### What to work on
Only the lines running from the line with "Versatile, Easy-To-Use, Multi-Purpose" to the end of the records below belong in the answer, each copied exactly.

### Data section
****

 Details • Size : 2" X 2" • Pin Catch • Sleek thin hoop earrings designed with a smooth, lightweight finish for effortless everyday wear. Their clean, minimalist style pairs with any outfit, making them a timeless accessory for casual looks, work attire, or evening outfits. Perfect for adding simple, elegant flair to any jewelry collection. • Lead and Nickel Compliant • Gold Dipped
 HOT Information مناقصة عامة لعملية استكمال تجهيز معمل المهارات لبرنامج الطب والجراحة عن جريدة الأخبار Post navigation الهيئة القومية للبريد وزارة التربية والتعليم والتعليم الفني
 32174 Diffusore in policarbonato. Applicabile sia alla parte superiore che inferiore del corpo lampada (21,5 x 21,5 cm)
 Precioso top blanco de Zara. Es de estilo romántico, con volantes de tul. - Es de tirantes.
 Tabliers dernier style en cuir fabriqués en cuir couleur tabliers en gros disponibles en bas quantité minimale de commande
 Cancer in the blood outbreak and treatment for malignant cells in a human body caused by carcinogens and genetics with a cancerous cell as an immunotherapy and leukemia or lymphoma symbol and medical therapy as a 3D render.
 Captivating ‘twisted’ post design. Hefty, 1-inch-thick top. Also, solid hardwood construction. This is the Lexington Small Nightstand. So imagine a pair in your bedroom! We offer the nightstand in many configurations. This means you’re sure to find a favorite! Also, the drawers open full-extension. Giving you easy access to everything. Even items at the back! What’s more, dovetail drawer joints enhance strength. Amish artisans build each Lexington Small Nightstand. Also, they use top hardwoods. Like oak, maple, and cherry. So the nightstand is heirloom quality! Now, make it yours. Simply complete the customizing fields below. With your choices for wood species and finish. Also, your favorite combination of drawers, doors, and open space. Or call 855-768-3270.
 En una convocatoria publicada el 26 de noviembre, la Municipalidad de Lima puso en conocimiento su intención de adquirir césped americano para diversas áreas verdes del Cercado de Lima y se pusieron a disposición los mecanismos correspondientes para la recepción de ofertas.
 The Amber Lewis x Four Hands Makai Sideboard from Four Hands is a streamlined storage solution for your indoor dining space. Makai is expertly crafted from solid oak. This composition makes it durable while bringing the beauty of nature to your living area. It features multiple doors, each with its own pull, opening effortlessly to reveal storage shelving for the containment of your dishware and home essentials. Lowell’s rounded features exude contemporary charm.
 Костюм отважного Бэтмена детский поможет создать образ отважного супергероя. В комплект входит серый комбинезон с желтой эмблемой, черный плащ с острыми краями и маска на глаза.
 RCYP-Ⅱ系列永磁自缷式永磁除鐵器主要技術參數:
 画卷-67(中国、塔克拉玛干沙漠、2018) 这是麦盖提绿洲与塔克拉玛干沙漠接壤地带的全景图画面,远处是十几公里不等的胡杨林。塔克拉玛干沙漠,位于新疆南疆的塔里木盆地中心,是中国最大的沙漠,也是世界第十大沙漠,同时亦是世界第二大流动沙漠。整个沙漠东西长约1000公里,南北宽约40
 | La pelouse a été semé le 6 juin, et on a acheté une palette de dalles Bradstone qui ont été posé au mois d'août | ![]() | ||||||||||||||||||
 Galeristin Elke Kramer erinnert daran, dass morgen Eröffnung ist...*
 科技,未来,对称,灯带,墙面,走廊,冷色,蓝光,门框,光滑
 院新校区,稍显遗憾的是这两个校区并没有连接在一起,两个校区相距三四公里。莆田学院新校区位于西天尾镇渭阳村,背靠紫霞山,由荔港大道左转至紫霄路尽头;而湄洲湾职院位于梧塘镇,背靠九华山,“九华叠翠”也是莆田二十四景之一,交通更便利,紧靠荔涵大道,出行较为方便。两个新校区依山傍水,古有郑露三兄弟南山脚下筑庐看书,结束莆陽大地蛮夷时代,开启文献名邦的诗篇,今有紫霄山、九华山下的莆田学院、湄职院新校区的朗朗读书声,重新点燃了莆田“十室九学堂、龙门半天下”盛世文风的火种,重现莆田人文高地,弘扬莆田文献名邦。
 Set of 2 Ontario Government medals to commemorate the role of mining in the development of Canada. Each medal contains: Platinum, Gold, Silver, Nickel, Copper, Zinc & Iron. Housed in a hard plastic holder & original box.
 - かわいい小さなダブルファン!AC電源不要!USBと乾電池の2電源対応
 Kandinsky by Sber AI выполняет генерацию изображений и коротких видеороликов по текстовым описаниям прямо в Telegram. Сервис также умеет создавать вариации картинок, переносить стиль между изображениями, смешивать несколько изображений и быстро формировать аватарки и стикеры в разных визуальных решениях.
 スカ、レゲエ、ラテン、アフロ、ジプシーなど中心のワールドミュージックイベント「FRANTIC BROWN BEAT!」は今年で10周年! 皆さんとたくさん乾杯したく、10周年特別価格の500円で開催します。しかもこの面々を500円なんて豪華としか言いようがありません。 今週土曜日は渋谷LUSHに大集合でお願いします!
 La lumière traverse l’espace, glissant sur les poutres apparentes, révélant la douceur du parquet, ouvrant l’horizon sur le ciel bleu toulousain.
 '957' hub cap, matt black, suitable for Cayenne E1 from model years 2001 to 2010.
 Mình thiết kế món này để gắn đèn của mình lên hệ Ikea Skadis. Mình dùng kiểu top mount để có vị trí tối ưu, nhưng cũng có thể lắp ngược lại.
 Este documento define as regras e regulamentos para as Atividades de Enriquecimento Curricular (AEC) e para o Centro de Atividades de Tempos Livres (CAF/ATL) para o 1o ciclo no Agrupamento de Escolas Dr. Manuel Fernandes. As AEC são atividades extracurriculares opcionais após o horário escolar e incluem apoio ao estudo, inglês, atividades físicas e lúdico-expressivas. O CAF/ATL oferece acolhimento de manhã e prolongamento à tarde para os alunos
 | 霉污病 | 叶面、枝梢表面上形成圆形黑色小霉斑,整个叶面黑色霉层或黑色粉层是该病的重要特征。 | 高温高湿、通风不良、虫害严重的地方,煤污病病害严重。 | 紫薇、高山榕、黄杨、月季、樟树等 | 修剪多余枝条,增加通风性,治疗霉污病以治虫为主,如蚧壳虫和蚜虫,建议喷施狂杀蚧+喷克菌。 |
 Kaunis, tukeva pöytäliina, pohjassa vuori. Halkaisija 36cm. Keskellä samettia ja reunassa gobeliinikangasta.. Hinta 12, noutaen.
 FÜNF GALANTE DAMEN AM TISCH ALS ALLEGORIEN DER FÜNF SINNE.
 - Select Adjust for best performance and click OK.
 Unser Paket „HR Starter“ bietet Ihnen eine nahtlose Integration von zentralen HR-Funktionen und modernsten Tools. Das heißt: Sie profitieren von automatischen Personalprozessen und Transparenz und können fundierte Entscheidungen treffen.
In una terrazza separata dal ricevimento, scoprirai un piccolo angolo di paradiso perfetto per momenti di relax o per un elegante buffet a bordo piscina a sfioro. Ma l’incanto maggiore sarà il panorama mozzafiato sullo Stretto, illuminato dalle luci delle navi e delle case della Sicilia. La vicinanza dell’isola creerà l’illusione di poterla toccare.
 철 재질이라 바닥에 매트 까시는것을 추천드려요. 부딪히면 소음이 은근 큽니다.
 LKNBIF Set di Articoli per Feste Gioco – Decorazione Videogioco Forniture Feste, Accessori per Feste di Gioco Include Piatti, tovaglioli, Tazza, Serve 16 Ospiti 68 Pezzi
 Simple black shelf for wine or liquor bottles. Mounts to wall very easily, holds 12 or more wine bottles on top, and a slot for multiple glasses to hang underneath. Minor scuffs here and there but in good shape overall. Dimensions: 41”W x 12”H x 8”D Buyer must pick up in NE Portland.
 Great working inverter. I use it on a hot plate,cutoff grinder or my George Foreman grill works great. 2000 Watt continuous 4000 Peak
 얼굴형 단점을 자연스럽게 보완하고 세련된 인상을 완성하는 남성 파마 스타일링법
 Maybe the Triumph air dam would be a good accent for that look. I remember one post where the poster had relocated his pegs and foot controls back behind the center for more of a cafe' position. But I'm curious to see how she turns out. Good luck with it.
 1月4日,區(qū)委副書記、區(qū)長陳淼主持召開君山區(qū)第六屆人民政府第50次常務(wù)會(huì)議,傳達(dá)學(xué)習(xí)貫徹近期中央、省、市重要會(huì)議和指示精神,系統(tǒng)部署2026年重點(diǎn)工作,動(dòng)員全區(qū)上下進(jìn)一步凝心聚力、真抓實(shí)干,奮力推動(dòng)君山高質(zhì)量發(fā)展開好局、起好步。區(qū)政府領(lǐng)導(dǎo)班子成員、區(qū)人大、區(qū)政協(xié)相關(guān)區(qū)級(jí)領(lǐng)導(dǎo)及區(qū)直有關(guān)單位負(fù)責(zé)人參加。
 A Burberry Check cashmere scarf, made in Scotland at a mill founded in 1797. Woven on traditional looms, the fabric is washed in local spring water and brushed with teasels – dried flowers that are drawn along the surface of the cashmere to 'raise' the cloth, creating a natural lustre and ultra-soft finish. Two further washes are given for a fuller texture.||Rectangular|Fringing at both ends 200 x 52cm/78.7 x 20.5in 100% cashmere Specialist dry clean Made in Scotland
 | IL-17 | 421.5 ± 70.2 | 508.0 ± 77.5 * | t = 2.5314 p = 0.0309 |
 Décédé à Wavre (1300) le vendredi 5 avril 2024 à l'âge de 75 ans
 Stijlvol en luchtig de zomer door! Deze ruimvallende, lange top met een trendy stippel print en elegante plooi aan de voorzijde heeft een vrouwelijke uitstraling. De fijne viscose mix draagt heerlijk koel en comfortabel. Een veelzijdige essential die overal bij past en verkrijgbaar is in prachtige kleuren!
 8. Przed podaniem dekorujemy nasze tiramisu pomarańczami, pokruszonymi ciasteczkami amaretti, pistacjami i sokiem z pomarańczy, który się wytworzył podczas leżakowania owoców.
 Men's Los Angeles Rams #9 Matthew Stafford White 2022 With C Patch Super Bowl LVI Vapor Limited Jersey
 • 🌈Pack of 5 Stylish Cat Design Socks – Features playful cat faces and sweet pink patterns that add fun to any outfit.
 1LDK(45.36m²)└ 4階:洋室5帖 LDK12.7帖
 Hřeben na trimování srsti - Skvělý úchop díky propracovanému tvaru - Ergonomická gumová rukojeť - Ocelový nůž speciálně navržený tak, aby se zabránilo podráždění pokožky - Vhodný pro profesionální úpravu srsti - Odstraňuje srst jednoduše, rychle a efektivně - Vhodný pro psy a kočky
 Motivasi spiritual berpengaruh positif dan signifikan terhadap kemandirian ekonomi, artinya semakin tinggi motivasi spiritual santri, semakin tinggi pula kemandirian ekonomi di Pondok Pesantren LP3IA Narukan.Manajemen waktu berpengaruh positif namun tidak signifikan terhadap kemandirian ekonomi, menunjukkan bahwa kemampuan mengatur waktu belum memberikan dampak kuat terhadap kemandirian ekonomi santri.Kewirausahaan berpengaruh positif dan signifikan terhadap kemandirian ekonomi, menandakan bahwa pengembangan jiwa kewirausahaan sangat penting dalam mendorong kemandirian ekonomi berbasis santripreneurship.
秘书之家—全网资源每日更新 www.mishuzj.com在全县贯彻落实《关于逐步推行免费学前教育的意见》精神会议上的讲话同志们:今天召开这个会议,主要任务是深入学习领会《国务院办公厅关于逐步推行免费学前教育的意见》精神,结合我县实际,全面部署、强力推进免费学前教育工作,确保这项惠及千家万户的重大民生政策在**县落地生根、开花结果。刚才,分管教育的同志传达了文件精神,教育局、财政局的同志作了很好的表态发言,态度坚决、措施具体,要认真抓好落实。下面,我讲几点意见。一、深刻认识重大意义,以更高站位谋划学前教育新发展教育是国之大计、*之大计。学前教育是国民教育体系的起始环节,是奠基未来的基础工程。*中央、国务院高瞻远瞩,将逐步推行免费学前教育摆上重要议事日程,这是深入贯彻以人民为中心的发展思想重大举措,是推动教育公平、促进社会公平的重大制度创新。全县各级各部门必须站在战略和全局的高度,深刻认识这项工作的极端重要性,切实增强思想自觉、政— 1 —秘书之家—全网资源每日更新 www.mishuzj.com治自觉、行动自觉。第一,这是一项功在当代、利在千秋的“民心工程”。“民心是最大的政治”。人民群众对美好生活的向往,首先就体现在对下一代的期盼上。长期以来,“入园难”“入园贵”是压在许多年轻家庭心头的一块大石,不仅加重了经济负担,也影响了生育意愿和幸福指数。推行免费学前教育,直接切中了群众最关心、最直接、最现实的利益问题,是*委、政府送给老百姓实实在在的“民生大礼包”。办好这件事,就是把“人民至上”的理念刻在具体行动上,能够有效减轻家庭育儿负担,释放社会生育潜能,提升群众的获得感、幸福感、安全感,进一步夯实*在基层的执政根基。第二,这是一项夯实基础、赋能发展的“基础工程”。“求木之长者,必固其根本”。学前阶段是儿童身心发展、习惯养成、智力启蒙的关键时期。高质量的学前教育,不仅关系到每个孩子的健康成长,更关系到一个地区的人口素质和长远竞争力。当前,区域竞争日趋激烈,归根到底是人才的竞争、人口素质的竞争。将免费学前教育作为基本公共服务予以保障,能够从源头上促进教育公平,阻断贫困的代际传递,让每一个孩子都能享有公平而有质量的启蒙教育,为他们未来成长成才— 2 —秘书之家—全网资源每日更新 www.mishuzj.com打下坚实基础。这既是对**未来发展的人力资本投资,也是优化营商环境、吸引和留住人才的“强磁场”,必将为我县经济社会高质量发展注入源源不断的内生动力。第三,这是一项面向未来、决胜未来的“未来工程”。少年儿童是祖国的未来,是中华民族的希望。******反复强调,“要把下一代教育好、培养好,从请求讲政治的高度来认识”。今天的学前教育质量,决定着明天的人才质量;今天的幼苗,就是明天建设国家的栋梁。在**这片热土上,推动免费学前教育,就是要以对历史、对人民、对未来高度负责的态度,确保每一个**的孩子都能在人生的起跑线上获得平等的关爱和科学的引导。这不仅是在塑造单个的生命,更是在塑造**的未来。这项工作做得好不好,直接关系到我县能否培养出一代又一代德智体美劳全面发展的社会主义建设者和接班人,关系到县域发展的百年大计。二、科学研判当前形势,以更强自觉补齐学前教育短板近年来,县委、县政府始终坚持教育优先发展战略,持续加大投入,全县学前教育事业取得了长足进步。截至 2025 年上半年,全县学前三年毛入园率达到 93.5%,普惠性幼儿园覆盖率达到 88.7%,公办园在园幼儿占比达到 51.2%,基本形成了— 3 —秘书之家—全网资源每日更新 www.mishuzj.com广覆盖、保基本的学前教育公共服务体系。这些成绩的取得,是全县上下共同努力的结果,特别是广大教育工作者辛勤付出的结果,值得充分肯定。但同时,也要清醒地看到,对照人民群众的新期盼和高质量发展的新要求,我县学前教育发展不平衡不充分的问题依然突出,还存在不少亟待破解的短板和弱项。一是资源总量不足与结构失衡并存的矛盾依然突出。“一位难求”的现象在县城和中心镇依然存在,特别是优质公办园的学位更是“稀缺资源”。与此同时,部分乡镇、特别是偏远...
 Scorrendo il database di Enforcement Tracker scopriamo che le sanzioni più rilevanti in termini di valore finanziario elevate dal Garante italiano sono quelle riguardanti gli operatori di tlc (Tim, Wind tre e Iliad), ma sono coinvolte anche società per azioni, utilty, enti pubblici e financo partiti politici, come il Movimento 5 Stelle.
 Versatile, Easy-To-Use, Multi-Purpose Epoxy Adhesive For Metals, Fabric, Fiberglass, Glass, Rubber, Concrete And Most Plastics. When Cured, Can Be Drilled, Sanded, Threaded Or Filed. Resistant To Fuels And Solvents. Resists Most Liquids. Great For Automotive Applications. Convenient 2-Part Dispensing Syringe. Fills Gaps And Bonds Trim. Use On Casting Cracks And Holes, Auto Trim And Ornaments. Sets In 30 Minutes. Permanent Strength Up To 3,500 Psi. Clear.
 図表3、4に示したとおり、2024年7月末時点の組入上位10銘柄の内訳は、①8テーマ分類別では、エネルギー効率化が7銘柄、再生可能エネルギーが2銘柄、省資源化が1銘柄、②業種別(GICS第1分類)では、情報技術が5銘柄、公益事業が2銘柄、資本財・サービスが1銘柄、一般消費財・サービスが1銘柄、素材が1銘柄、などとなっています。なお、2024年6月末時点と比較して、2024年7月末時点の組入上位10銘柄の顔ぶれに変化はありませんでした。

****

### Solution for this task
 Versatile, Easy-To-Use, Multi-Purpose Epoxy Adhesive For Metals, Fabric, Fiberglass, Glass, Rubber, Concrete And Most Plastics. When Cured, Can Be Drilled, Sanded, Threaded Or Filed. Resistant To Fuels And Solvents. Resists Most Liquids. Great For Automotive Applications. Convenient 2-Part Dispensing Syringe. Fills Gaps And Bonds Trim. Use On Casting Cracks And Holes, Auto Trim And Ornaments. Sets In 30 Minutes. Permanent Strength Up To 3,500 Psi. Clear.
 図表3、4に示したとおり、2024年7月末時点の組入上位10銘柄の内訳は、①8テーマ分類別では、エネルギー効率化が7銘柄、再生可能エネルギーが2銘柄、省資源化が1銘柄、②業種別(GICS第1分類)では、情報技術が5銘柄、公益事業が2銘柄、資本財・サービスが1銘柄、一般消費財・サービスが1銘柄、素材が1銘柄、などとなっています。なお、2024年6月末時点と比較して、2024年7月末時点の組入上位10銘柄の顔ぶれに変化はありませんでした。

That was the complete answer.